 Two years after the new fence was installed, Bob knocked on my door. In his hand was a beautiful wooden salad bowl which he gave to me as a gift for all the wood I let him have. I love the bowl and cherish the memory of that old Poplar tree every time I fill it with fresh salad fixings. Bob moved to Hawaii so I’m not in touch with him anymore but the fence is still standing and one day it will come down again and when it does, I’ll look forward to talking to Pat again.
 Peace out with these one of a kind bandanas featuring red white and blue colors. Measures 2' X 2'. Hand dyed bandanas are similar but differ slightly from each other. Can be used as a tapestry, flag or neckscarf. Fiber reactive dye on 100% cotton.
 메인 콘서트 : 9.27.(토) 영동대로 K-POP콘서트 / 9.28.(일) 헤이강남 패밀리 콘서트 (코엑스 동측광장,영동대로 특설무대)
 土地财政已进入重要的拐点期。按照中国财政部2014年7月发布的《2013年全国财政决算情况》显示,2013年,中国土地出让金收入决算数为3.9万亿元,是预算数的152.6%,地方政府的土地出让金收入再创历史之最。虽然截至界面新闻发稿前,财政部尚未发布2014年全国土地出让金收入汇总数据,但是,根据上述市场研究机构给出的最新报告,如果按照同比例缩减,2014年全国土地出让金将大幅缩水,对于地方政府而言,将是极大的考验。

****************

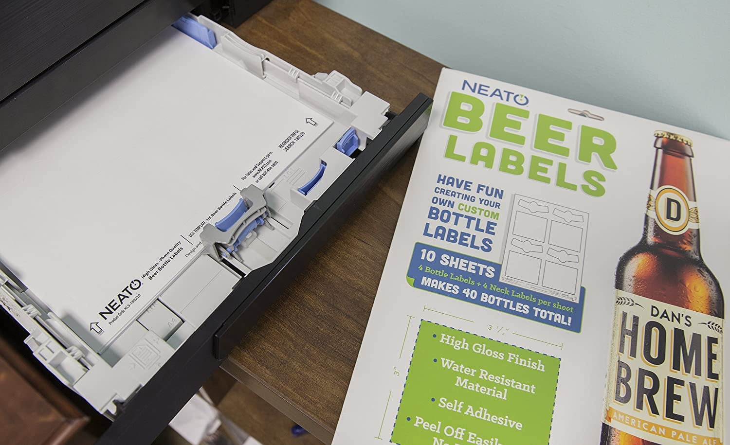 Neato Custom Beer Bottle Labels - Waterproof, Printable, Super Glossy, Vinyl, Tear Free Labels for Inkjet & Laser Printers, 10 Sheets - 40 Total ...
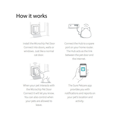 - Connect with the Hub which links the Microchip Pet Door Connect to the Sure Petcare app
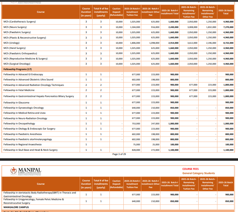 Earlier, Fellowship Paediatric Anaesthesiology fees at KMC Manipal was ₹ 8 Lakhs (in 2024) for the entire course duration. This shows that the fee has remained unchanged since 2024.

****************

• [Task description]: Copy exactly the material above from the line with "Neato Custom Beer" to the line with "Earlier, Fellowship Paediatric", ends included, and nothing else. Leave out any picture.

• [Reply to the task]:
 Neato Custom Beer Bottle Labels - Waterproof, Printable, Super Glossy, Vinyl, Tear Free Labels for Inkjet & Laser Printers, 10 Sheets - 40 Total ...
 - Connect with the Hub which links the Microchip Pet Door Connect to the Sure Petcare app
 Earlier, Fellowship Paediatric Anaesthesiology fees at KMC Manipal was ₹ 8 Lakhs (in 2024) for the entire course duration. This shows that the fee has remained unchanged since 2024.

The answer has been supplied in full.